Que se passait-il, cependant, derrière les retranchements du camp de Céneret? Les causes vaincues n'ont pas d'historien, et aucun annaliste n'a pris la peine de nous faire assister à l'agonie du royaume visigoth. Toutefois un historien byzantin croit savoir qu'Alaric aurait voulu retarder la bataille jusqu'à l'arrivée du secours de Théodoric le Grand, mais que l'impatience de son peuple le força d'en venir aux mains sans attendre les renforts promis. Rien de plus vraisemblable, d'ailleurs, que cette contrainte morale exercée sur leur chef par des guerriers braves et amoureux de gloire, mais sans responsabilité, qui confondaient la prudence et la lâcheté, et qui craignaient de devoir partager avec d'autres l'honneur de la victoire[132]. Alaric voyait plus clair dans sa situation et se rendait compte que le gros de son armée ne partageait pas les dispositions de l'élite. Mais, d'autre part, il était devenu impossible d'ajourner l'heure de l'échéance, et il se décida, quels que fussent ses sentiments intimes, à aller au-devant de la destinée. Peut-être, selon l'ancienne coutume germanique, les deux rois échangèrent-ils encore un défi solennel, et se donnèrent-ils rendez-vous pour le jour suivant.
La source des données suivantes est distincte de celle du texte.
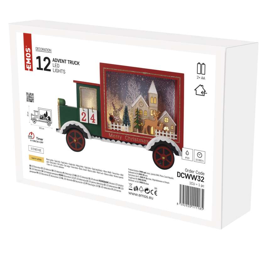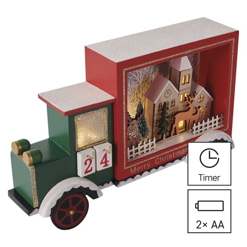 Az adventi és karácsonyi készülődés nem nélkülözheti a népszerű adventi naptárat, amelyet különösen a gyerekek szeretnek. Számold vissza velük együtt a szentestéig hátralévő 24 napot a kellemes meleg fehér fényű kisautós adventi naptárral. Az A AA elemes tápellátásnak köszönhetően a belső térben mindenhol elhelyezhető. Különösen jól mutat egy ablakpárkányon, komódon vagy tévéasztalon, és segít a karácsonyi hangulat finomhangolásában. Ha a naptár minden napjához egy kis édességet vagy ajándékot adsz, akkor kedves mindennapi meglepetést szerezhetsz magadnak és gyermekeidnek.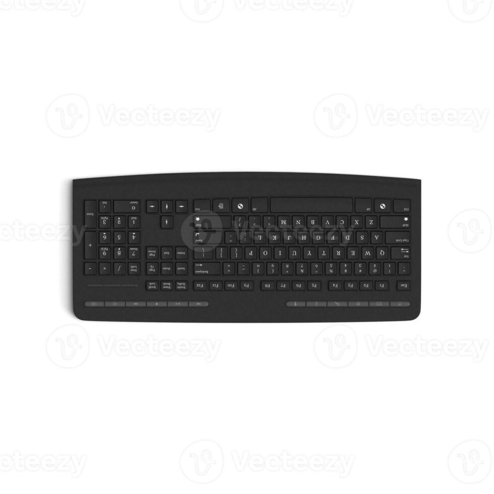 Wireless keyboard isolated on white background high quality image front top view black full rotated Pro Photo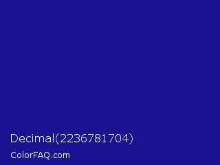 Decimal 2236781704 Color is a normal indigo color and the nearest color is Ultramarine #120a8f. Hex code #191390 and RGB value is rgb(25,19,144). In RGB color space, this color is composed of 10% red, 7% green, 56% blue, In CMYK color space, this color is composed of 83% cyan, 87% magenta, 0% yellow , 44% black , In HSL color space, this color has a hue angle of 243° , 77% saturation and 32% lightness.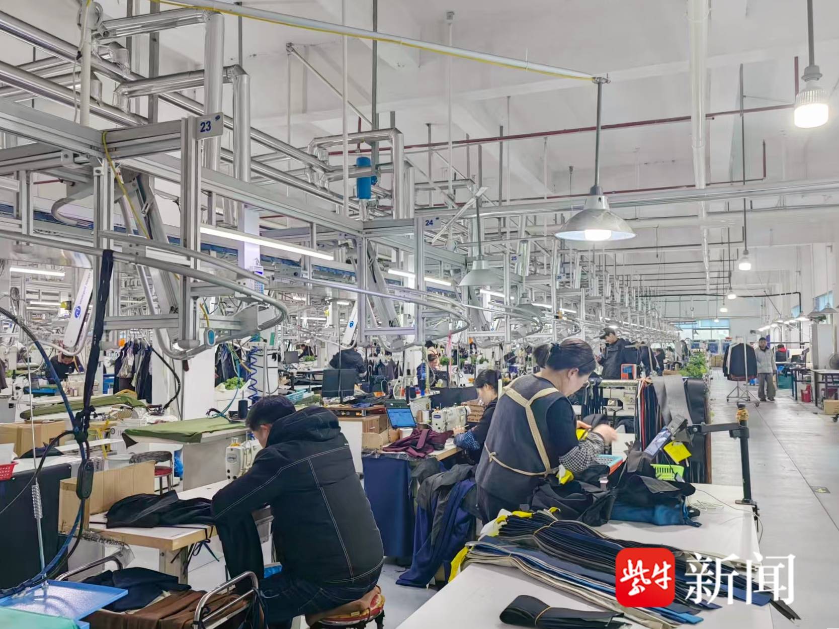 苏州马修佩里服饰有限公司的生产车间同样一片忙碌景象。当前服装订单已排至3月中旬,工人们有条不紊地赶制高端西服,全力保障订单按时交付。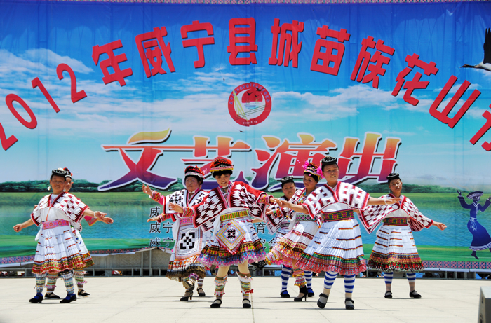 我县苗族“花山节”在每年的端午节期间举行,这天,苗族同胞们盛情邀约各地各民族同胞,齐聚花山,踩花山、互敬酒,互祝福,青年男女们则借助对唱山歌、跳芦笙等方式,互诉衷肠、交朋结友,一旦相爱,男的要以花裹脚,用花围腰带赠送姑娘,而女的也以自己千针万线亲手绣制的花帕、包头回赠情郎,整个“花山”沉浸在一片甜蜜热闹的气氛里。下图为文艺演出现场。 (实习记者 杨文斌)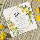 Beautiful spring floral arrangement features yellow and white daffodils decorating a rustic frame. The assorted greenery and daffodil stems give it modern Boho vibe. The back of the 80th birthday invitation is bright sunny yellow. Perfect choice for a springtime birthday party.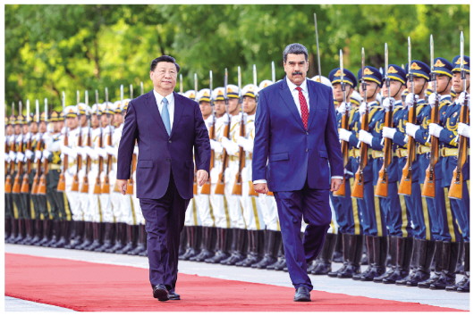 习近平指出,中国和委内瑞拉是相互信赖的好朋友、共同发展的好伙伴。近年来,中委两国都走过了极不平凡的发展历程,双方在国际风云变幻中相互支持,结下了“铁杆”情谊。中方始终从战略高度和长远角度看待发展同委内瑞拉关系,坚定支持委方维护国家主权、民族尊严、社会稳定的努力,坚定支持委方反对外部干涉的正义事业。中委建立全天候战略伙伴关系,符合两国人民共同期待,顺应历史发展大势。双方要推动中委战略合作结出更多硕果,给两国人民带来更多福祉,也为世界和平和发展注入更多正能量。

[132] Procope, Bell. gothic., I, 12.
Le lendemain, de bonne heure,—on était au cœur des longues journées de l'été,—les deux armées se déployèrent en ordre de bataille, et la lutte commença aussitôt. Le lieu précis de l'engagement doit être cherché, selon Grégoire de Tours, à quinze kilomètres de Poitiers, des deux côtés de la chaussée romaine qui allait de cette ville à Nantes et à l'Océan. Les Francs commencèrent par faire pleuvoir de loin une grêle de traits sur leurs adversaires, mais ceux-ci ne répondirent pas avant de pouvoir combattre corps à corps[133]. Alors s'engagea une mêlée sanglante, car les Visigoths étaient un peuple vaillant, et, malgré les sinistres présages qui planaient sur leur cause, chacun dans l'armée d'Alaric voulait faire son devoir. Le roi des Goths avait avec lui son fils Amalaric, enfant âgé de cinq ans; à côté de Clovis combattaient son fils aîné Théodoric, et Chlodéric, le prince de Cologne. La lutte sans doute se serait prolongée, si elle n'avait été terminée brusquement par la mort de l'un des rois. Comme dans les rencontres de l'âge héroïque, Clovis et Alaric se cherchaient dès le commencement de l'action, voulant vider leur querelle par un de ces combats singuliers dans l'issue desquels les barbares voyaient un jugement de Dieu. Alaric tomba, frappé d'un coup mortel; mais son rival faillit payer cher sa victoire, car deux soldats visigoths, probablement des membres de la bande royale, fondirent à la fois sur lui de droite et de gauche et cherchèrent à le percer de leurs épées. Mais la cuirasse de Clovis était de bonne trempe, et son cheval bien dressé; il tint tête à ses agresseurs, et donna aux siens le temps d'accourir et de le mettre hors de danger[134].